* What this task involves *
What follows is a listing; repeat exactly, and only, its lines from the one holding "Centrotavola Ciotola Pigna" through the last, leaving any pictures out.

* Material for the task *
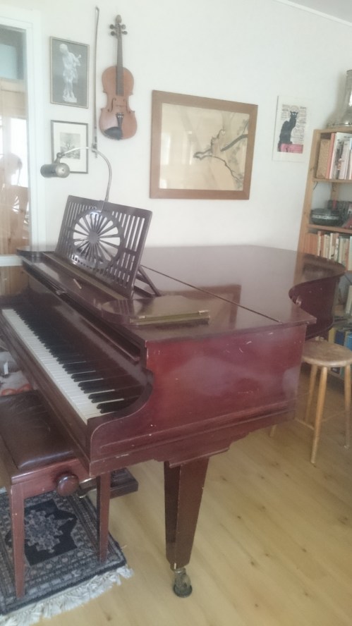 Sommarsång är nästan det enda stycke jag fortfarande kommer ihåg sedan jag gick i pianoskola, som barn, och knappt ens den kan jag alltså…När jag idag försökte göra en inspelning igen, för att äntligen avsluta det jag en gång påbörjat, blev det säkert 10 misslyckade inspelningar, innan jag kom vidare förbi dit jag kom förra gången. Problemet är ju nämligen att fingrarna tycks minnas felspelet lika väl som de rätta tonerna. Har jag en gång spelat fel på ett ställe, spelar jag samma fel nästa gång, och tvärtom.Ganska märkvärdigt att jag kan spela låten överhuvudtaget efter så många år utan övning. Visst blir det några klavertramp, men jag är förvånad över att jag kommer ihåg nåt alls. Ibland är det som om det går allra bäst när jag inte tänker överhuvudtaget och inte har en aning om vad jag gör, men ibland går det inte alls om jag inte fokuserar till max på vilka toner och ackord jag ska ta. Det skulle vara intressant att veta vad som händer i hjärnan, egentligen.Man kan inte lära gamla hundar sitta, sägs det, men jag skulle bra gärna vilja lära mig att läsa noter lite snabbare och bättre. Så kunde jag lära mig nya låtar lite fortare, och inte bara spela gamla, bara nästan lika bra som när jag var ung…. 😉När jag sjunger i kör, däremot, är det notläsningen jag har lättast för, och även när jag spelar altfiol, men det är ju bara en stämma i taget. Detta att hantera ett för mig nytt instrument är ju svårt, så där kan jag ju vara glad att åtminstone inte notläsningen är det värsta hindret. Där kan man snacka om att själva spelandet är det som går trögast. Men å andra sidan är utvecklingspotentialen mycket större än med mitt pianospel. Jag kan bli besviken när jag inte spelar lika bra på repetitionen med orkestern som jag gjorde hemma tre timmar tidigare, men det är ingen stor grej. Jag är ju ändå så mycket bättre än för bara några veckor sen.
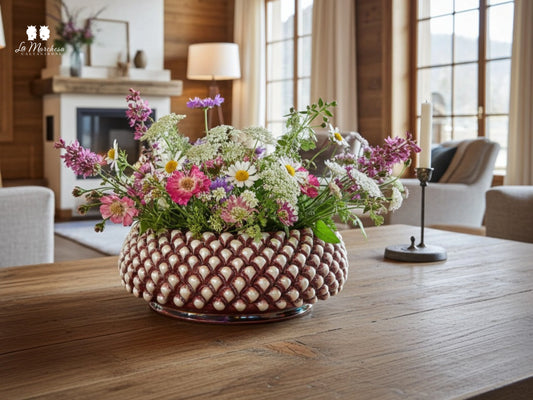 Centrotavola Ciotola Pigna Fumè Bordeaux Madreperla in Ceramica di Caltagirone
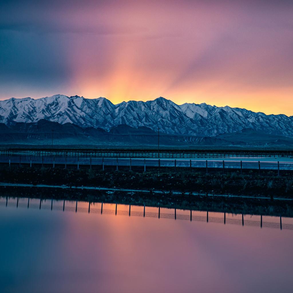 Обои Заснеженные горы на рассвете у воды
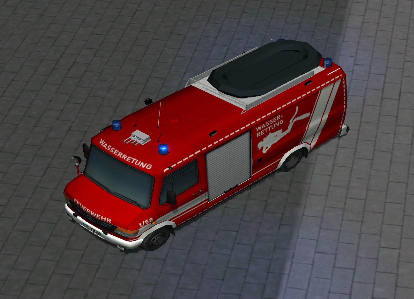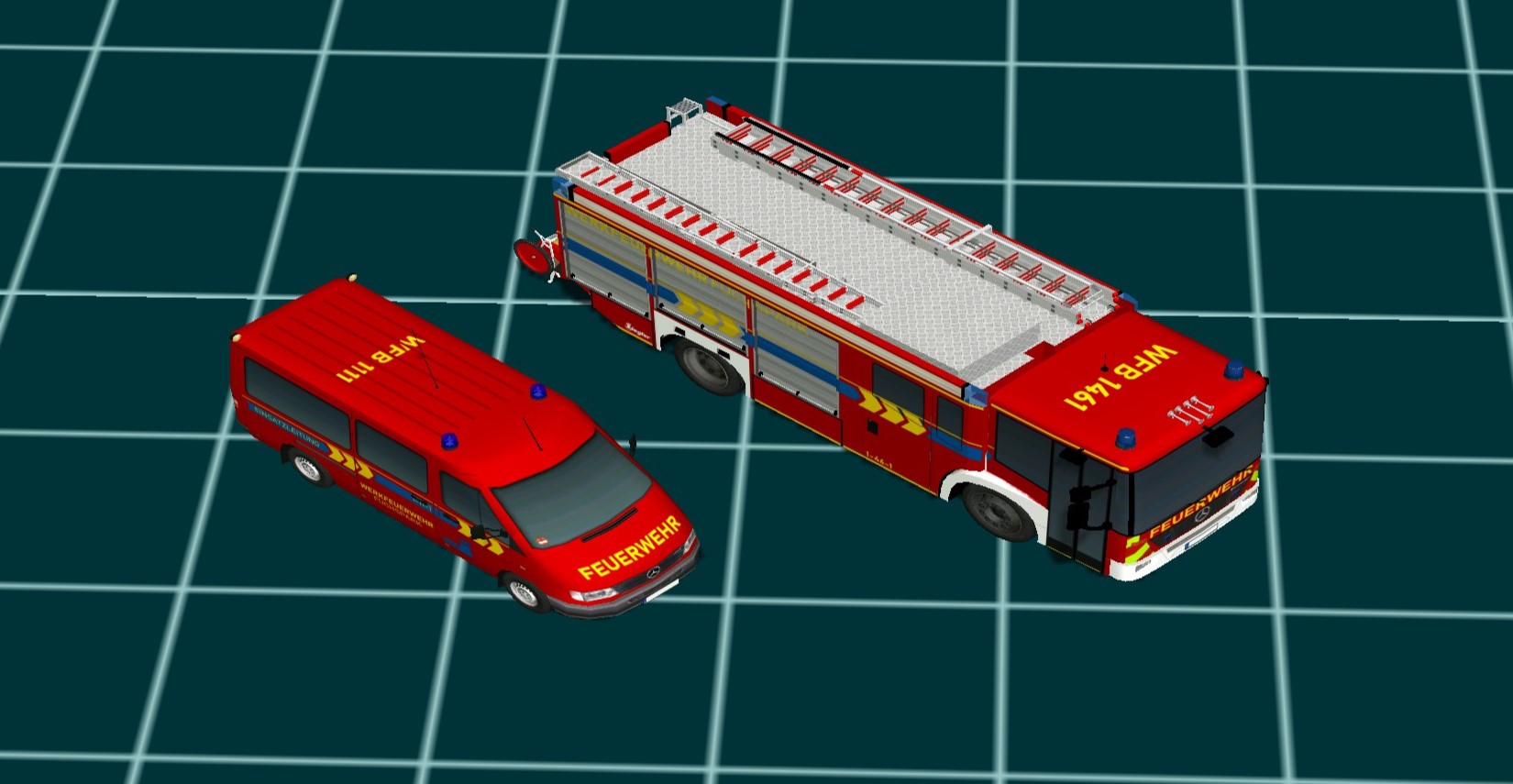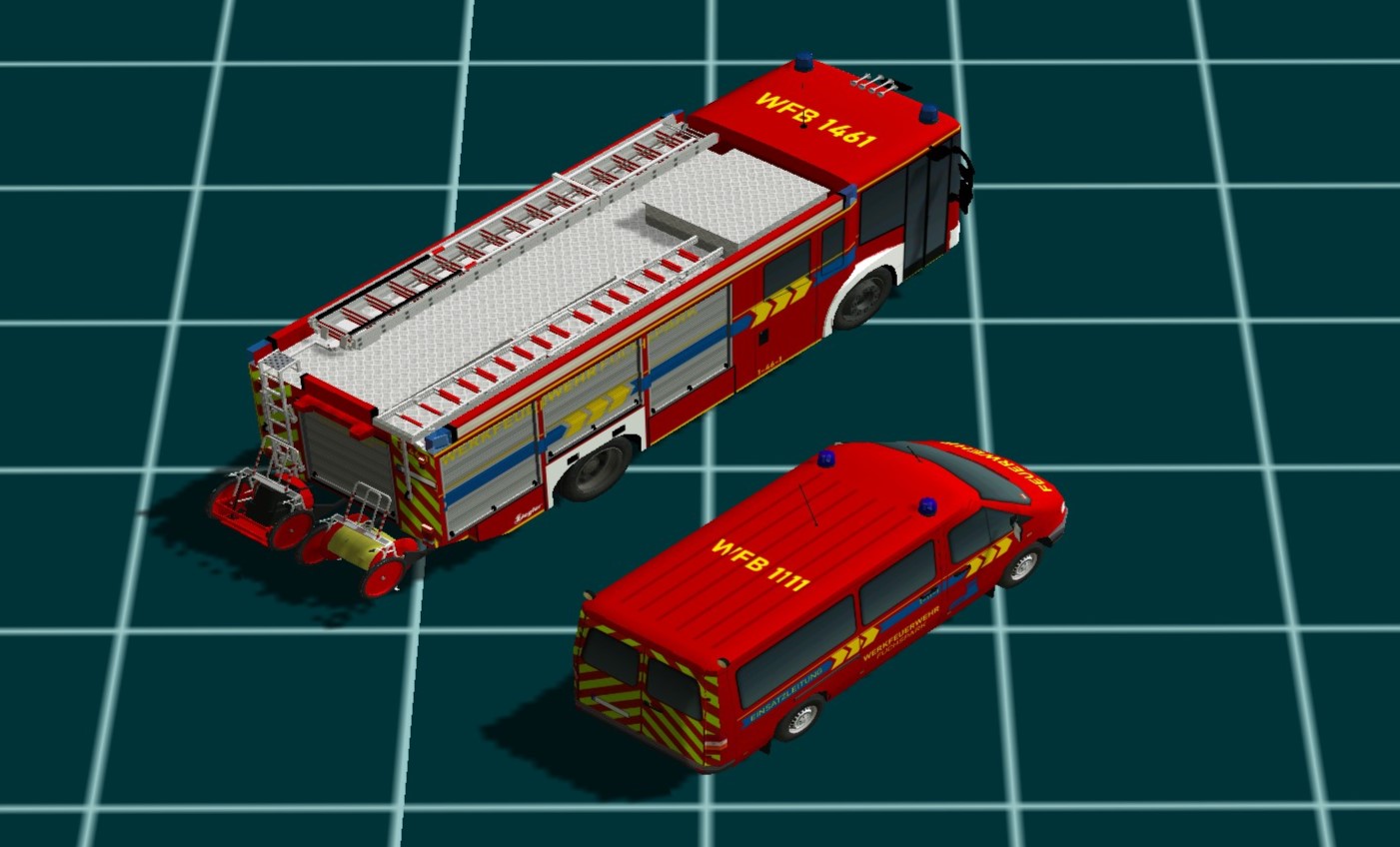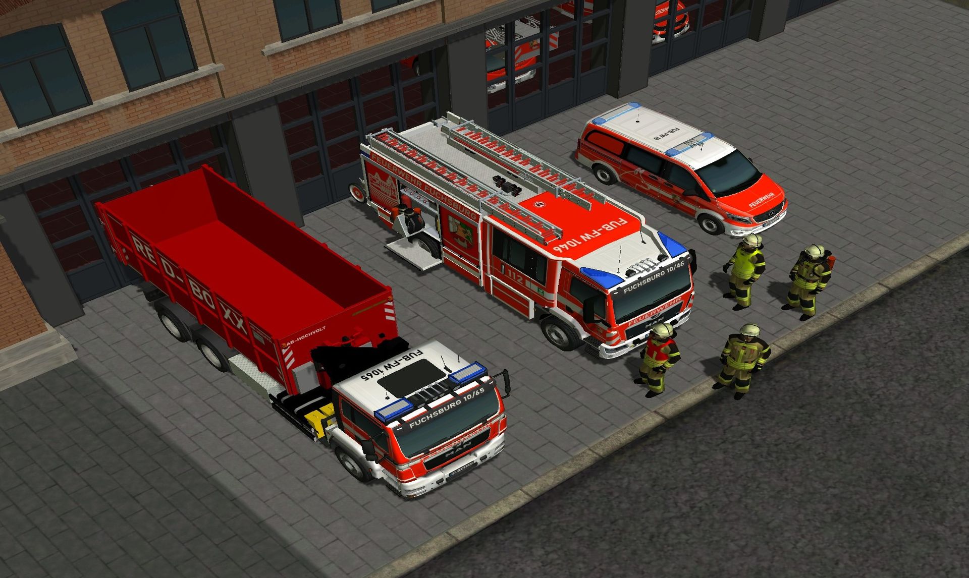 Die ersten Änderungen machen sich bei der hauptamtlichen Wache bemerkbar. Fahrzeugtechnisch wurde der BMW KdoW durch einen Mercedes Vito ersetzt. Das HLF bekam eine neue Kabine mit Anpassungen am Aufbau und Fahrgestell. Da der AB-Mulde überwiegend dazu dient, die Elektrofahrzeuge nach Bränden zu kühlen, habe ich das Modell minimal angepasst und diesem einen Red-Boxx Skin verpasst. Zudem lässt sich auch auf diesem Bild schon gut erkennen, dass die Feuerwehrleute ab sofort mit S-Guard Klamotten ausgestattet sind.
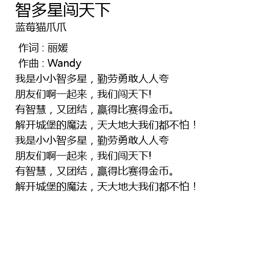 | [00:02.391] | 我是小小智多星,勤劳勇敢人人夸 |

* Reply to the exercise *
 Centrotavola Ciotola Pigna Fumè Bordeaux Madreperla in Ceramica di Caltagirone
 Обои Заснеженные горы на рассвете у воды
 Die ersten Änderungen machen sich bei der hauptamtlichen Wache bemerkbar. Fahrzeugtechnisch wurde der BMW KdoW durch einen Mercedes Vito ersetzt. Das HLF bekam eine neue Kabine mit Anpassungen am Aufbau und Fahrgestell. Da der AB-Mulde überwiegend dazu dient, die Elektrofahrzeuge nach Bränden zu kühlen, habe ich das Modell minimal angepasst und diesem einen Red-Boxx Skin verpasst. Zudem lässt sich auch auf diesem Bild schon gut erkennen, dass die Feuerwehrleute ab sofort mit S-Guard Klamotten ausgestattet sind.
 | [00:02.391] | 我是小小智多星,勤劳勇敢人人夸 |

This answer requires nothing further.